══ DATASET CONTENT ══

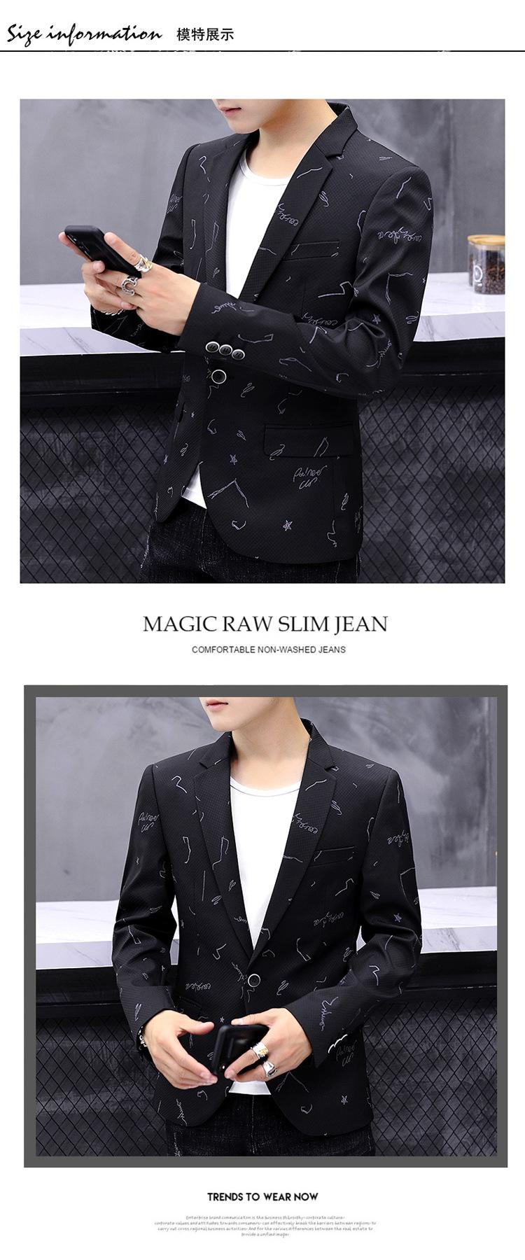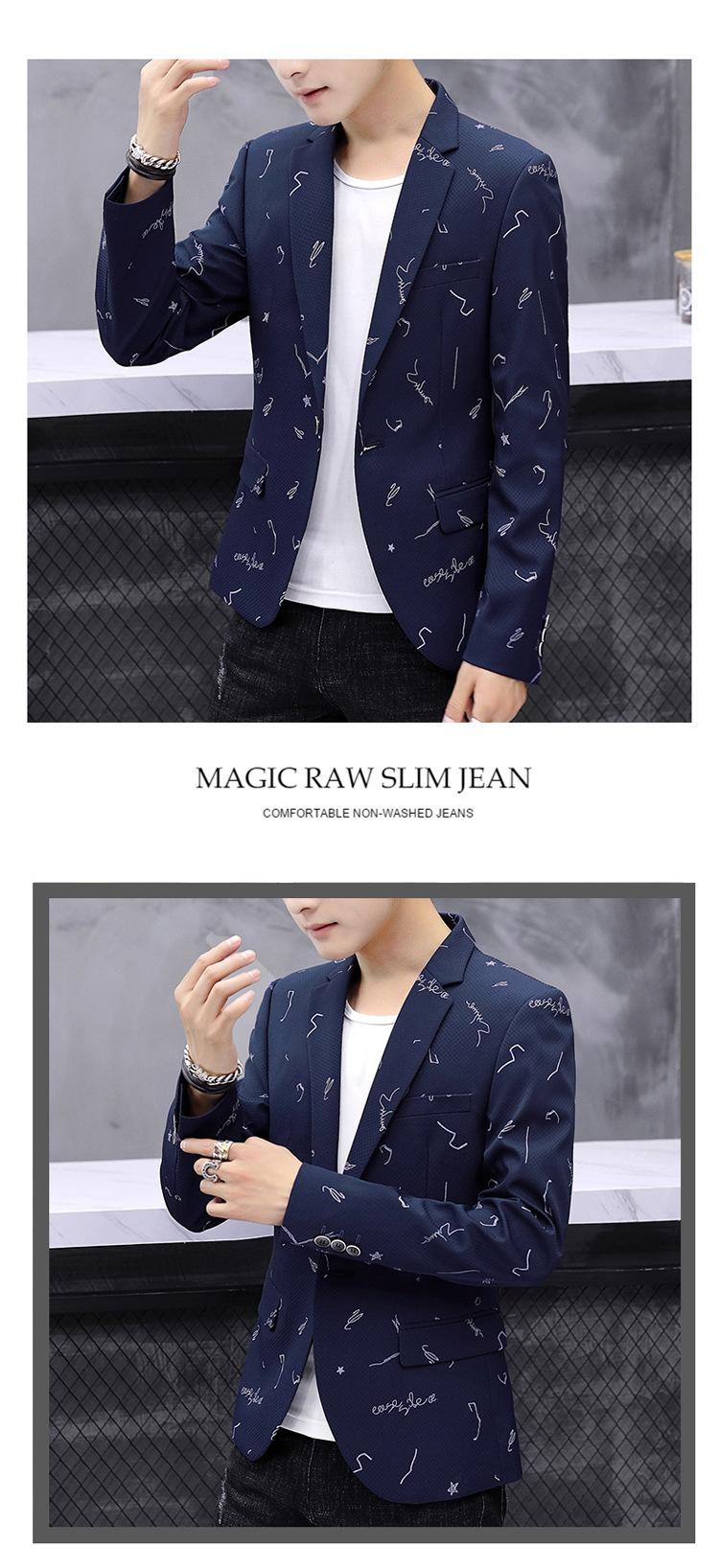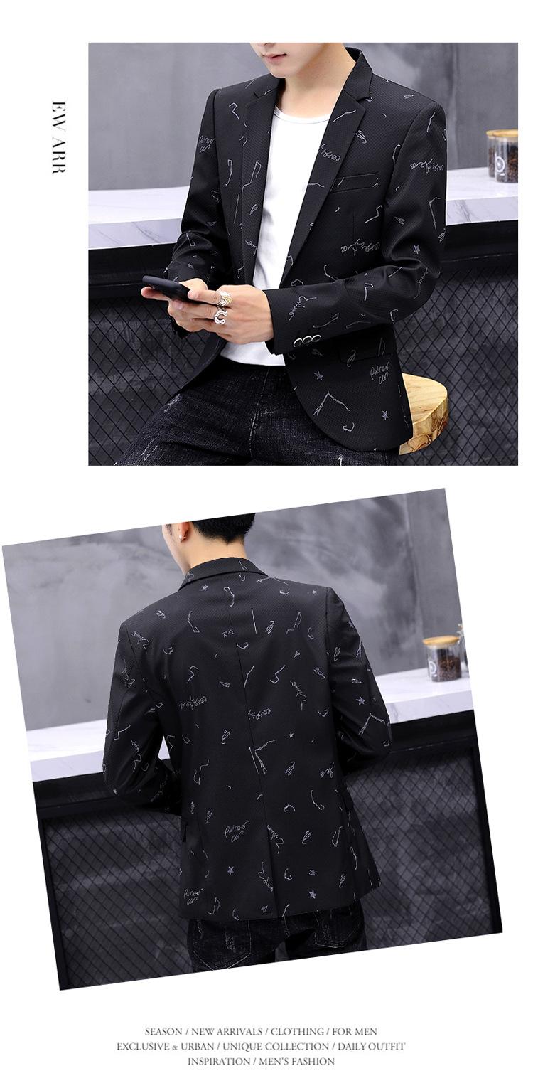 Traje Casual Nuevo de Otoño para Hombre Moderno Guapo Estampado Sencillo Chaleco Juvenil Estilo Coreano Ajustado Traje Pequeño Chaqueta de Hombre
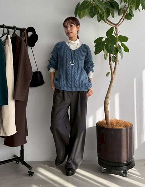 [同梱不可商品]とろみ薄リブルーズタートルトップス【一部予約】
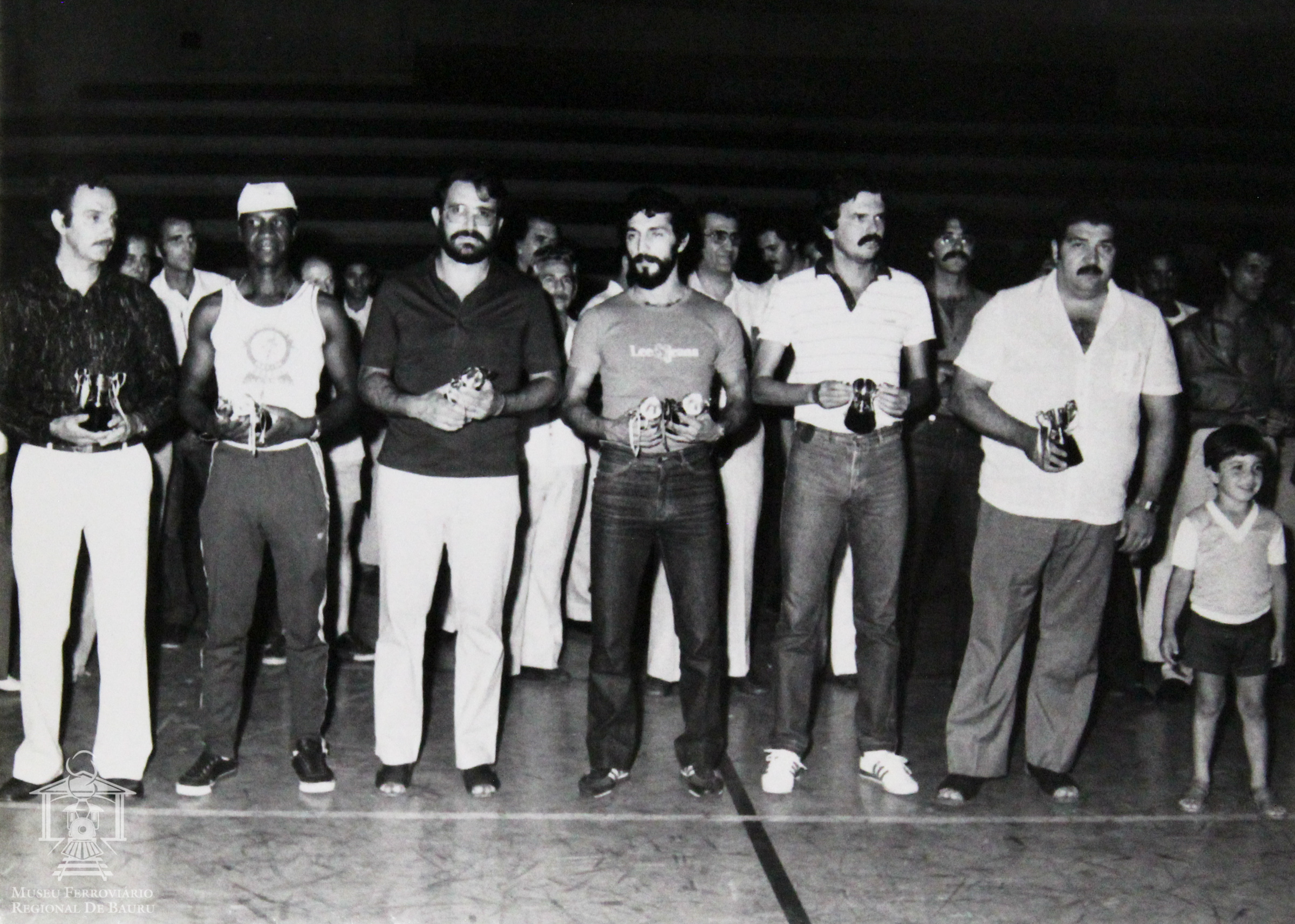 Fotografia com imagem de seis ferroviários com seus troféus ganhos nas olimpíadas ferroviárias.
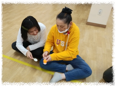 심리운동1으로 탁구공을 튕겨서 바구니에 넣기, 탁구공을 플라스틱컵으로 이동하기, 탁구공을 숟가락으로 옮기기등 다양한 놀이활동을 하였습니다.
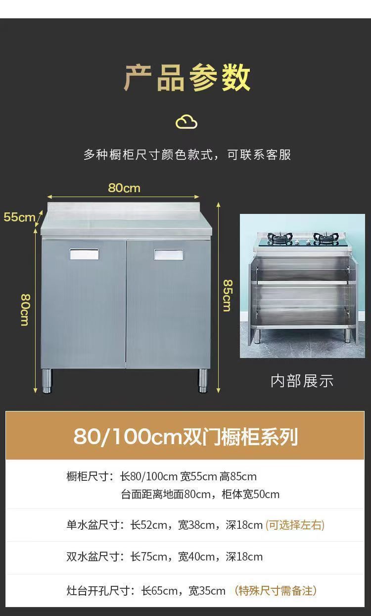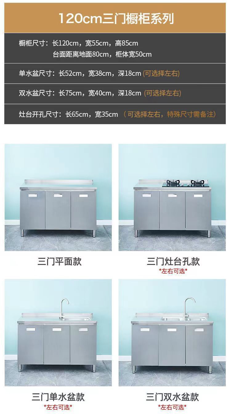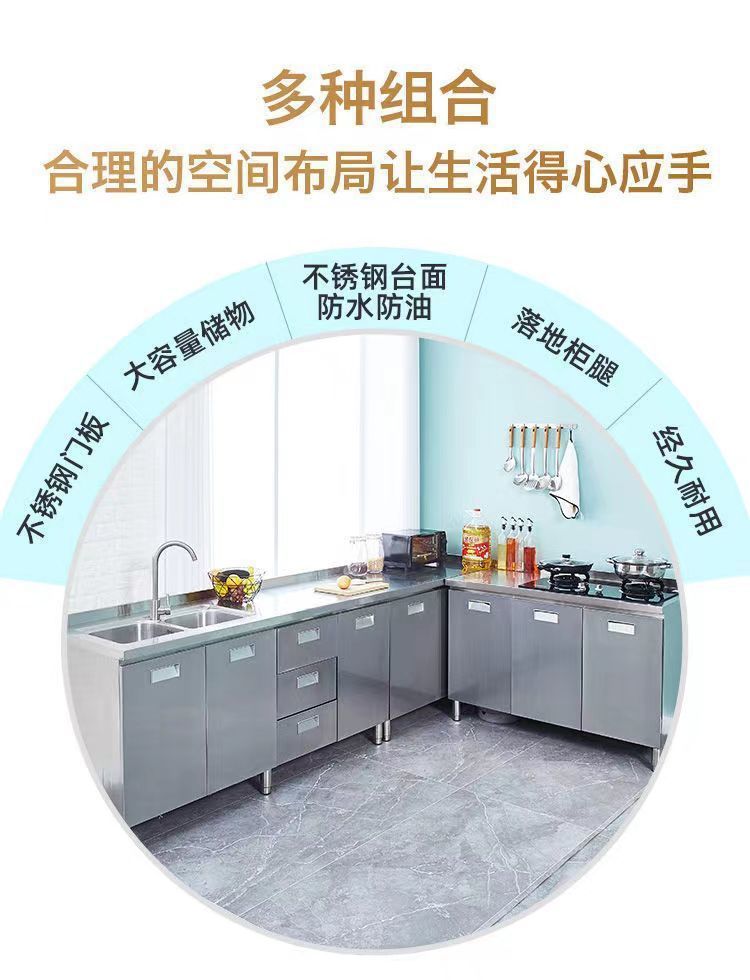 PCGS304 Stainless Steel Cabinet Kitchen Cupboard Stove Cabinet Sink Cabinet Integrated Cabinet Thickened Simple Integrated Kitchen
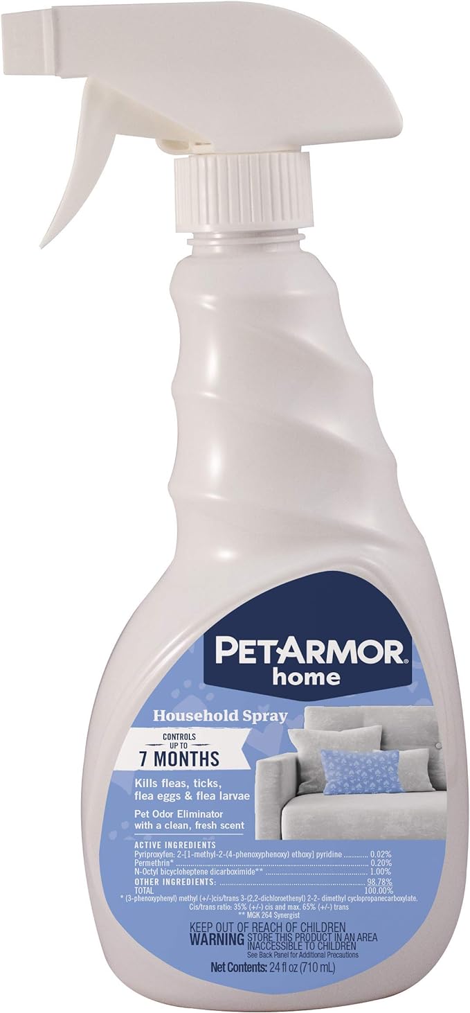 • PetArmor Home Household Spray kills ticks, fleas, flea eggs, and flea larvae for up to 7 months
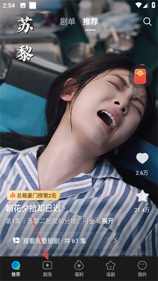 在速看短剧的推荐页面,点击底部的剧场选项,就能进入剧场页面。
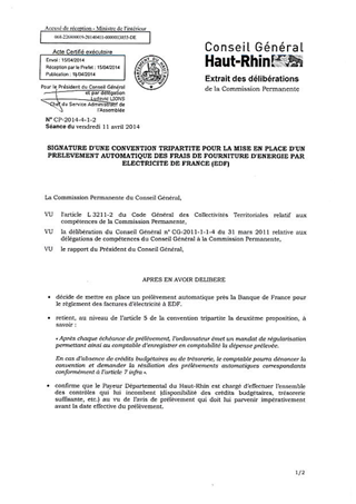 SIGNATURE D'UNE CONVENTION TRIPARTITE POUR LA MISE EN PLACE D'UN PRELEVEMENT AUTOMATIQUE DES FRAIS DE FOURNITURE D'ENERGIE PAR ELECTRICITE DE FRANCE (EDF)

═══

EXERCISE PROMPT:
The answer consists of the lines from the one holding "심리운동1으로 탁구공을 튕겨서" to the end of the records, inclusive, restated exactly and without pictures.

SOLVED EXERCISE:
 심리운동1으로 탁구공을 튕겨서 바구니에 넣기, 탁구공을 플라스틱컵으로 이동하기, 탁구공을 숟가락으로 옮기기등 다양한 놀이활동을 하였습니다.
 PCGS304 Stainless Steel Cabinet Kitchen Cupboard Stove Cabinet Sink Cabinet Integrated Cabinet Thickened Simple Integrated Kitchen
 • PetArmor Home Household Spray kills ticks, fleas, flea eggs, and flea larvae for up to 7 months
 在速看短剧的推荐页面,点击底部的剧场选项,就能进入剧场页面。
 SIGNATURE D'UNE CONVENTION TRIPARTITE POUR LA MISE EN PLACE D'UN PRELEVEMENT AUTOMATIQUE DES FRAIS DE FOURNITURE D'ENERGIE PAR ELECTRICITE DE FRANCE (EDF)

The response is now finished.